I love that we can walk Mary Frances to and from school. In fact, it might be my favorite thing about having her in kindergarten. I enjoy strapping my boys in the stroller and having Mary Frances reach up and want to grab my hand. I enjoy being out in the fresh air, talking to my kiddos about what see as we walk, and visiting with the other parents while waiting for dismissal.

But let's face it, there are some days that we just can't walk. Recently, it has been too cold or wet or Mary Frances and the boys have been sleeping late. I have not had the heart to wake them up just so we can walk to school. They need their sleep!

And so we have been driving...I don't do drive up pick up or drop off very well. There are no real rules for carpool at Crestline, and if you know me at all you know I am a rule follower and like to know what I am supposed to be doing when.

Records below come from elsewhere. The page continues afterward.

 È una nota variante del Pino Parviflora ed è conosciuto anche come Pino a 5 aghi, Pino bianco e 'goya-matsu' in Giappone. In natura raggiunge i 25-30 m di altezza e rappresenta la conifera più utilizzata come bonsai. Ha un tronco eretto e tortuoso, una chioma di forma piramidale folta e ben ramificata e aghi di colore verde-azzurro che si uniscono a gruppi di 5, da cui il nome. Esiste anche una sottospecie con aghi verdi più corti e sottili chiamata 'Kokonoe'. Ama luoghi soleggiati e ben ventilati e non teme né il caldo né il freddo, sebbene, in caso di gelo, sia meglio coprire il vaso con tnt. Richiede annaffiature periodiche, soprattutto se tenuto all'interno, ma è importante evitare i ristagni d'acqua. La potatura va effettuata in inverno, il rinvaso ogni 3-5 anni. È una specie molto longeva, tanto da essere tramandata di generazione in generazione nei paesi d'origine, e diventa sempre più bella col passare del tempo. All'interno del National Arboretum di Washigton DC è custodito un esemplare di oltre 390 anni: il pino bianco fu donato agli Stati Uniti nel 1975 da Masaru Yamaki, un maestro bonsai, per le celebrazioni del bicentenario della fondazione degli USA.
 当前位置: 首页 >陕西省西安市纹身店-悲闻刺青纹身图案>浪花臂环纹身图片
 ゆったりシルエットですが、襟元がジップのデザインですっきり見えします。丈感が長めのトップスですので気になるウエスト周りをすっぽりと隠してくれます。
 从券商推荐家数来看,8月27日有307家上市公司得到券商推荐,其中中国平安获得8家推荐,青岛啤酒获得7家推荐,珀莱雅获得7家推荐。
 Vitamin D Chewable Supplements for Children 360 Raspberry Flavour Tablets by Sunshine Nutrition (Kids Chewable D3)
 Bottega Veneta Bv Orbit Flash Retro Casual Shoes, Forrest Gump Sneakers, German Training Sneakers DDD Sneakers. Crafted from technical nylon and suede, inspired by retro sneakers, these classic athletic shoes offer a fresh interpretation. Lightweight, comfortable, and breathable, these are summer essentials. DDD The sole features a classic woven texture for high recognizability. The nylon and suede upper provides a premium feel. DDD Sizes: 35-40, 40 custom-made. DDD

Well, I finally figured out the easiest place to drop Mary Frances off, but she until today she has continued to insist that I park the car and walk her to the crosswalk. And now to the point ~ today she did it all by herself! I pulled up to the sign, she unbuckled, grabbed her backpack, got out of the car, and walked to the crosswalk. And what did I do ~ I smiled a huge smile because I was so proud of her and then broke down and cried. Just another example of my baby growing up...
And now just as we have had this break through, my sweet neighbor has volunteered to take and pick up from school. As much as I hate asking for help or relinquishing any sort of responsibility, I know that I need to take her up on this offer and so Mary Frances will be "the girl next door" who rides to school with her neighbor at least until quatro arrives.